The Phillies need more this month from Nola, who has completed six innings in just one of his eight starts since August.

“It’s frustrating not going deep into games like I feel like I’m used to,” Nola said. “But I’ll put this one behind me and get ready for my next start.”

Hampson’s homers

The Denver Post made a viral blunder a few years ago when it ran a photo of Citizens Bank Park and labeled it as Coors Field. Maybe Hampson made the same mistake on Sunday.

He entered Sunday hitting .169 with a .469 OPS on the road and .301 with a .857 OPS at home. So of course, he homered twice in South Philly. Hampson’s three-run homer off Nola put the Rockies ahead by a run and his two-run homer off Héctor Neris in the seventh broke a 3-3 tie.

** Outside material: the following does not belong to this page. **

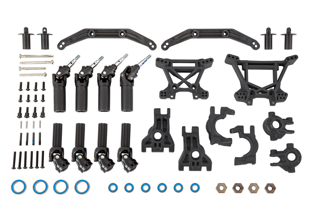 The Extreme Heavy-Duty Upgrade Kit transforms your already-tough Hoss® 4X4, Rustler® 4X4, or Slash® 4X4 into the ultimate bashing machine. Engineered for extreme brushless power systems, the kit includes a full complement of driveline and suspension parts designed to work together as a complete package. Whether you're sending it at the skate park or preparing for a speed run, the Extreme Heavy-Duty Upgrade Kit is battle-hardened to withstand brutal punishment and come back for more.

“It was awesome. We kept saying how much these games mean for them,” Hampson said. “Likewise, these games are huge for us, too. We want to play spoiler and play these teams tough, especially on the road. It means a lot. To come in here and take three of four in Philadelphia was pretty awesome.”

Need more than Harper

Bryce Harper homered to lead off the eighth inning to get the Phillies within a run but that felt insurmountable since someone else would have to come through. Harper’s 32nd homer of the season was his sixth in eight games as he’s carried the lineup since Rhys Hoskins was lost for the season. It was also Harper’s 25th solo homer this season, which shows the team’s struggles to get runners on base ahead of their best hitter.

“Harp’s had a great year. He’s had a fantastic year,” Girardi said. “He’s grinding everyday. He’s playing everyday. He’s playing hard everyday. I can’t say enough about what he’s done.”